Not having a strong personal connection to autism myself, I don’t think I understood prior to this project the diversity of needs that are met by this kind of space. I’m motivated and inspired by the potential of improving the everyday lives of people, not just in airports, but in many public areas that could benefit from spaces like this – grocery stores, sporting venues, museums and other cultural attractions, amusement parks, public pools and recreation facilities, and more.

Continue reading the rest of the article on AIA Pittsburgh’s website…


Additional Photos of the Project:

Jetway – From the Foyer, a visitor can choose to enter into the Family Room, or into the Airplane Experience. This hallway is meant to mimic the feeling of walking down the jetway towards an aircraft.





























Walls and ceilings are designed with acoustic enhancements to ensure that the space is shielded from concourse and exterior noise. Acoustic sliding doors help to maintain the quiet of the various spaces. Acoustic wall panels help to absorb sound in this larger space; cork acoustic wall pads also provide tactile experience and visual interest.
















The Quiet Room is a room designed for silence, which most adults with autism prefer. There are chairs and a table for those who need to do some work, as well as swiveling KI Connection Booth Privacy Chairs for those who would like to feel cocooned (photo is taken looking up through one of these chairs).


















Custom Sensory Support Nooks – Bubble tubes and mirrors provided by TFH USA inspired HDG’s design of the custom sensory benches.
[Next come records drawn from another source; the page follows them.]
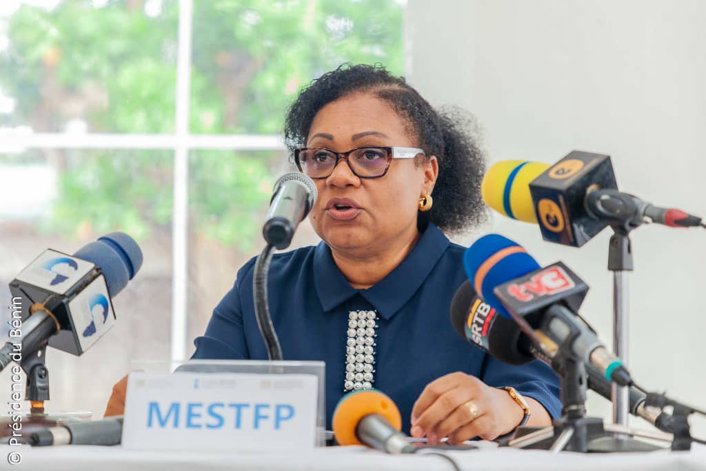 La cérémonie d’ouverture a été présidée conjointement par la ministre des Enseignements Secondaire, Technique et de la Formation Professionnelle, Madame Véronique Tognifodé, et le ministre des Petites et Moyennes Entreprises et de la Promotion de l’Emploi, Monsieur Modeste Tihounté Kérékou.
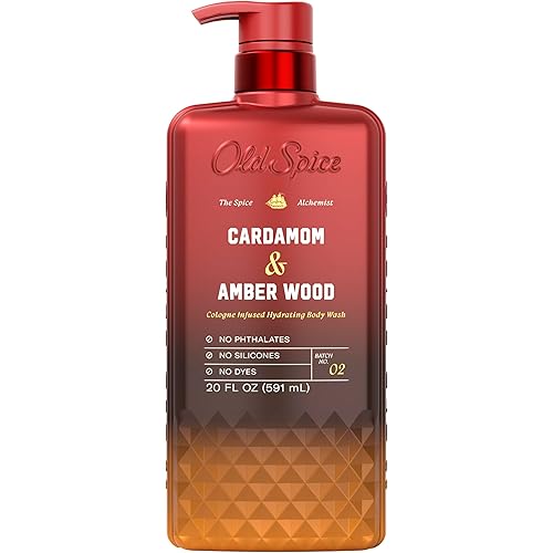Old Spice Body Wash for Men, The Spice Alchemist Collection, 24/7 Cologne Infused Hydration, No Trade Off Formula, Free of Phthalates Silicones & Dyes, Cardamom + Amber Wood Scent, 20 oz
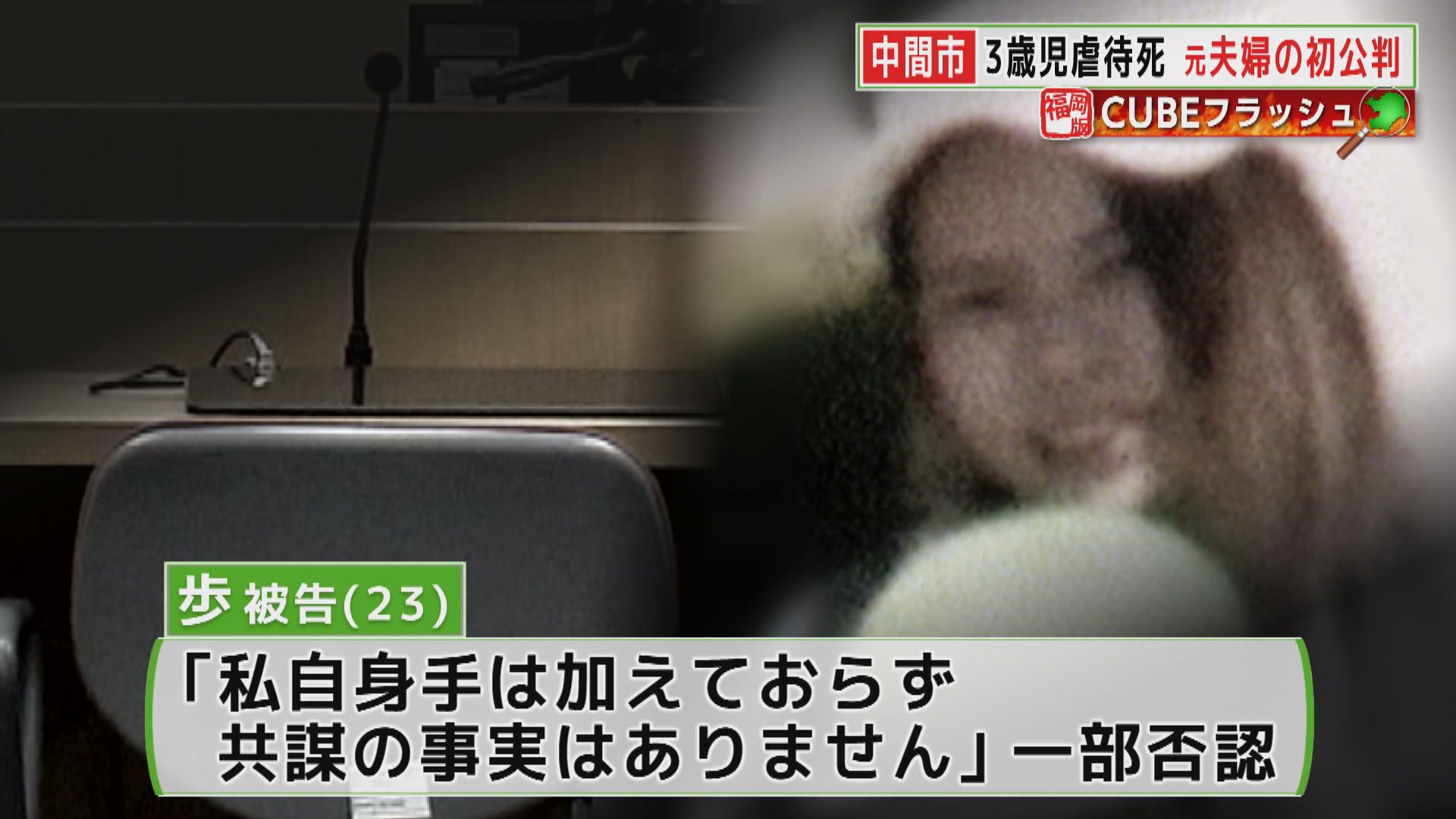 福岡県中間市で3歳の息子に虐待を繰り返し死亡させたとして、傷害致死の罪などに問われている夫婦の初公判が開かれ、妻は起訴内容の一部を否認した。
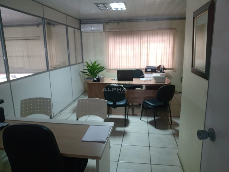 Sala ampla principal, 2 salas para escritório, banheiro, mesanino e depósito.
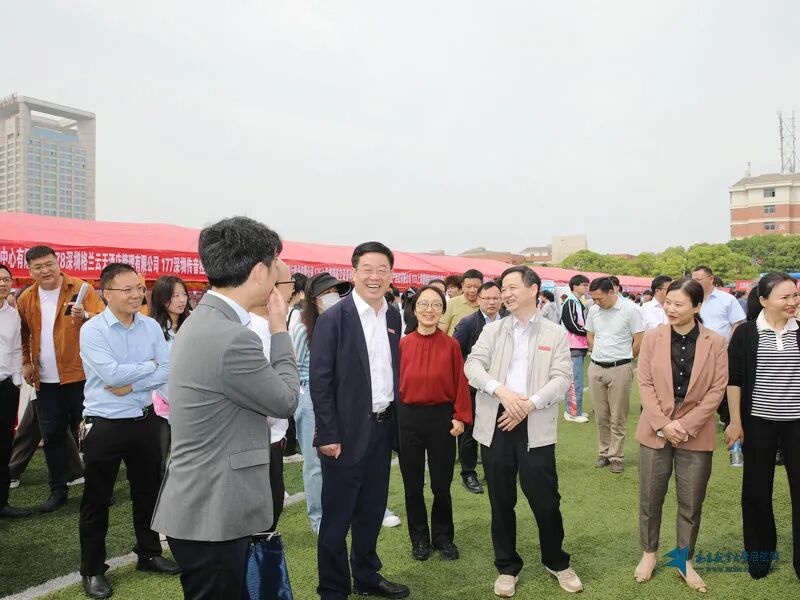 4月23日,江西省“千校万岗”就业行动暨南昌航空大学2024届毕业生春季双选会(第二场)在我校前湖校区室外足球场举行。本次活动由团省委、省国资委、省学联及我校共同举办,共青团江西省委副书记罗华,上饶市委常委、组织部部长任海斌,奉新县委常委、组织部部长严珏,学校党委书记李德平,党委常委、副校长熊震宇,党委常委、副校长江光亮出席。

The bubble tubes provide both a soothing sound and calming visual. A hidden panel provides access to the power supplies for the bubble tubes and the fiberoptic carpet within the bench’s tunnel. You can see the inside of the bubble tube bench, where a fiberoptic carpet tunnel has twinkling lights. It is a cozy, cocooning space where one can retreat from the hectic terminal.




Jennifer Beck, AIA is a project architect at Hayes Design Group Architects. She is also a recipient of the 2019 Sho-Ping Chin Women’s Leadership Summit Grant.